I recently started a project to archive network traffic traces with some fellow researchers from whom I learned about
Bro. Bro is an amazing intrusion detection system that has been developed at UC Berkeley based on many years of research done by Prof. Vern Paxson and his team. The interesting thing about Bro is that it could be used for archiving network traffic traces with a high granularity. What this means is unlike utilities like tcpdump Bro is intelligent enough to uniquely identify connections between hosts (TCP/UDP) and application level protocols being used in those connections. As a result Bro logs network level connections, HTTP, SMTP, FTP, SSH, SSL, etc with their protocol data instead of logging raw packet headers.

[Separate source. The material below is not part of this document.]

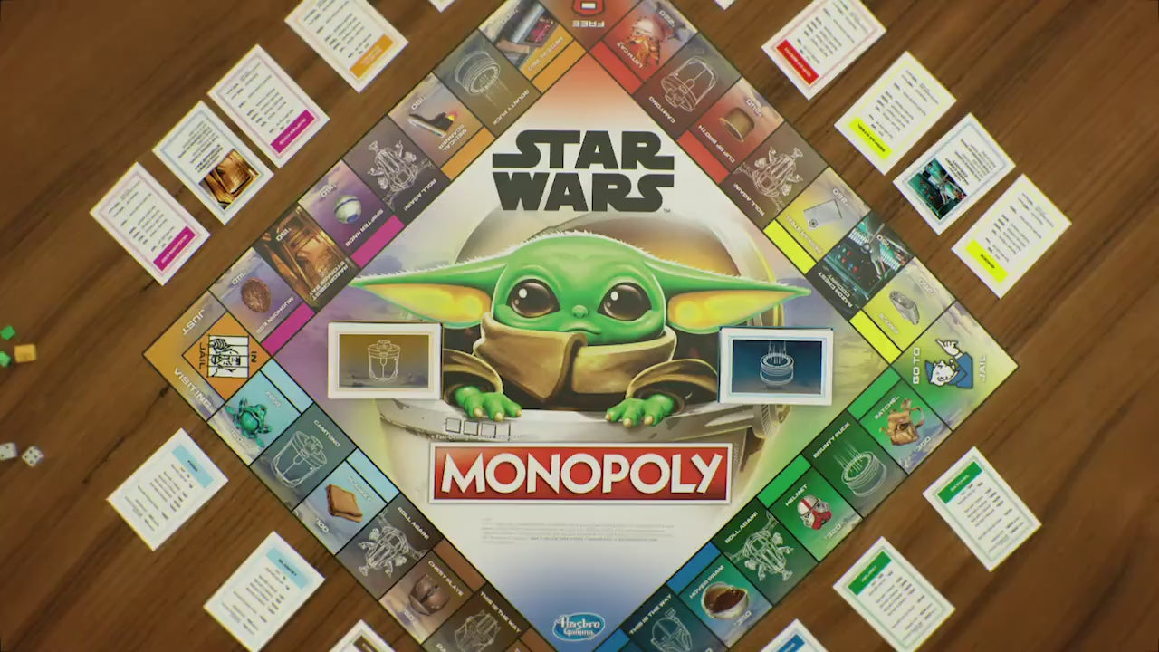 Imagine traveling around the galaxy with The Child, or affectionately known as "Baby Yoda" by fans. This Monopoly: Star Wars The Child edition board game features themes and artwork inspired by The Mandalorian live-action TV series on Disney Plus. Move around the gameboard as The Child, buy and sell Hideouts and Common Houses, and follow the actions on the Camtono cards and Bounty Puck cards. The last player remaining after everyone else has gone bankrupt wins the game!Star Wars products are produced by Hasbro under license from Lucasfilm Ltd.The Hasbro, Hasbro Gaming, Parker Brothers, and Monopoly names and logos, the distinctive design of the gameboard, the four corner squares, the Mr. Monopoly name and character, as well as each of the distinctive elements of the board and playing pieces are trademarks of Hasbro for its property trading game and game equipment.INSPIRED BY THE TV SERIES: This Star Wars edition of the Monopoly board game is inspired by the The Mandalorian live-action TV series on Disney PlusTHE CHILD TOKENS: Play as The Child (or affectionately known as "Baby Yoda" by fans) in different poses such as eating a frog, using the force, drinking a cup of broth, and sitting in the HoverpramHIDEOUTS AND HIDEAWAYS: Players travel around the board buying and trading objects from The Child's adventures. Buy Hideouts and pay to upgrade to Common HousesTHEMED GAMEBOARD: The gameboard features places and objects The Mandalorian fans will recognize such as a Cup of Broth, a Frog, Tracking FOB, Razor Crest Cockpit, and Razor Crest Storage BayFOR THE CHILD FANS: This board game for kids ages 8 and up makes a great gift for Star Wars The Mandalorian fans, and would make a nice addition to a Star Wars fan's toy collection•

Another cool feature of Bro is the new extensible logging framework which will be available in up coming version 2.0. A well written document on the extensible logging framework can be found
here. Even though Bro was capable of on the fly anonymization of traces in version 1.5 it is broken and will be removed from the next version (version 2.0). According to Bro devs we will have to wait for sometime to see this very useful feature back. Until they come up with the code for it based on
Pang R, et al. "A High-level Programming Environment for Packet Trace Anonymization and Transformation" I came up with a workaround that works but far less elegant (More on this in my next blog post). Since logs are anonymized sufficiently we can now carry out our research. Except for issues on trace anonymization Bro does a fantastic job (However anonymization matters a lot when data is shared between institutions). End of the day all I can say is that Bro is fast, clean and extensible!